■ PROMPT ■
Copy out the data below as written; omit any images.

■ PROVIDED DATA ■
<<<<
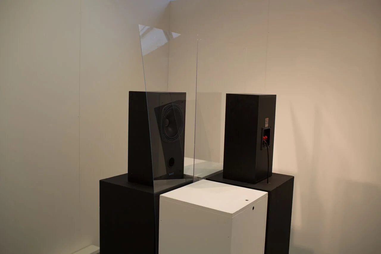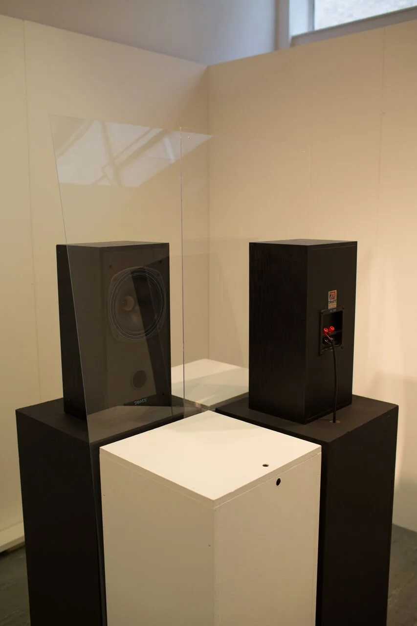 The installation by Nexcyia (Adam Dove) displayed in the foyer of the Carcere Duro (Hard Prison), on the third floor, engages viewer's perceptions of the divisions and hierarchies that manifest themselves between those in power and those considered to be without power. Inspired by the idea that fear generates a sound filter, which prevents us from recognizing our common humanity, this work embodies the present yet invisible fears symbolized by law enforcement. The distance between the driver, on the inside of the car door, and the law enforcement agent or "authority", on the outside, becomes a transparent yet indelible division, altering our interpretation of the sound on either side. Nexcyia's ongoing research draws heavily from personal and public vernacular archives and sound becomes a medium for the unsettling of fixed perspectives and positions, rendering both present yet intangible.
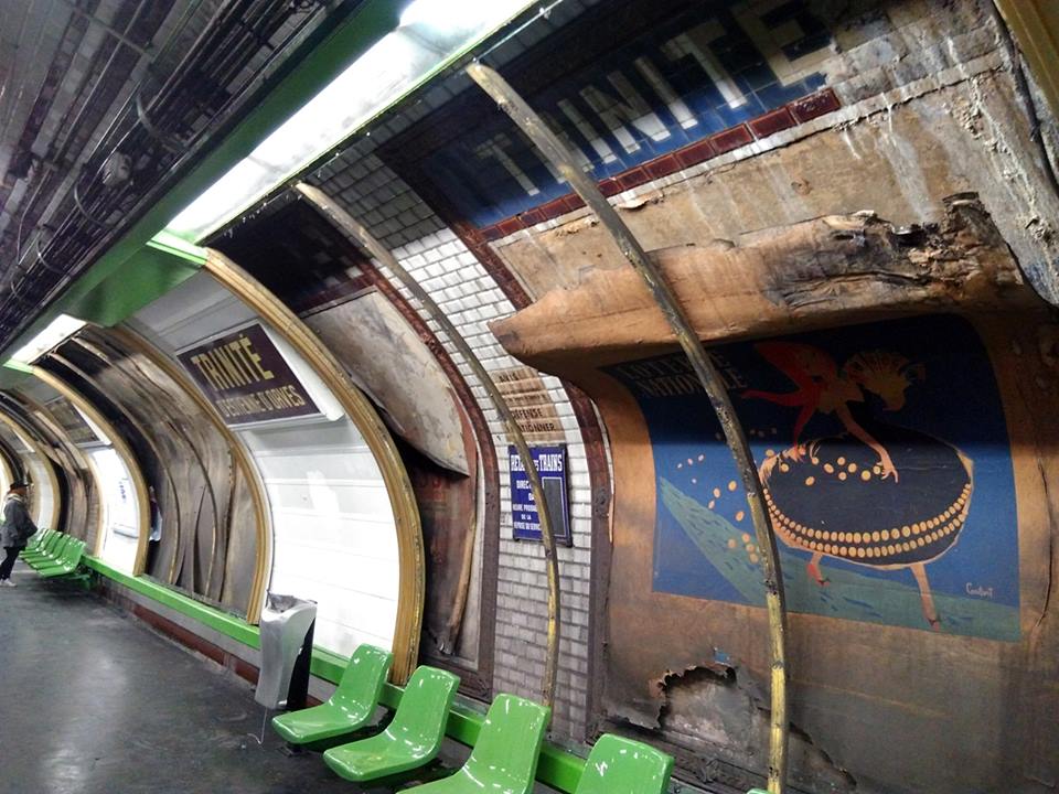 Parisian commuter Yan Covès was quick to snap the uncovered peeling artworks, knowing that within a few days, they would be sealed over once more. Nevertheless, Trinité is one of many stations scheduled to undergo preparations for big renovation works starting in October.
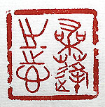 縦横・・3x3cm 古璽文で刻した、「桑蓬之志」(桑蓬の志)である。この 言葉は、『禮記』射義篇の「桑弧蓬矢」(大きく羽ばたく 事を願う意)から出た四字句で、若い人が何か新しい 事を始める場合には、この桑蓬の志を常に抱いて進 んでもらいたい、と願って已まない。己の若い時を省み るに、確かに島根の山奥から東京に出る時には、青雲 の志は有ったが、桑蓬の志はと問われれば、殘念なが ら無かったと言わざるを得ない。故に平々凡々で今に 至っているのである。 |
>>>>
■ ANSWER SPACE ■
 The installation by Nexcyia (Adam Dove) displayed in the foyer of the Carcere Duro (Hard Prison), on the third floor, engages viewer's perceptions of the divisions and hierarchies that manifest themselves between those in power and those considered to be without power. Inspired by the idea that fear generates a sound filter, which prevents us from recognizing our common humanity, this work embodies the present yet invisible fears symbolized by law enforcement. The distance between the driver, on the inside of the car door, and the law enforcement agent or "authority", on the outside, becomes a transparent yet indelible division, altering our interpretation of the sound on either side. Nexcyia's ongoing research draws heavily from personal and public vernacular archives and sound becomes a medium for the unsettling of fixed perspectives and positions, rendering both present yet intangible.
 Parisian commuter Yan Covès was quick to snap the uncovered peeling artworks, knowing that within a few days, they would be sealed over once more. Nevertheless, Trinité is one of many stations scheduled to undergo preparations for big renovation works starting in October.
 縦横・・3x3cm 古璽文で刻した、「桑蓬之志」(桑蓬の志)である。この 言葉は、『禮記』射義篇の「桑弧蓬矢」(大きく羽ばたく 事を願う意)から出た四字句で、若い人が何か新しい 事を始める場合には、この桑蓬の志を常に抱いて進 んでもらいたい、と願って已まない。己の若い時を省み るに、確かに島根の山奥から東京に出る時には、青雲 の志は有ったが、桑蓬の志はと問われれば、殘念なが ら無かったと言わざるを得ない。故に平々凡々で今に 至っているのである。 |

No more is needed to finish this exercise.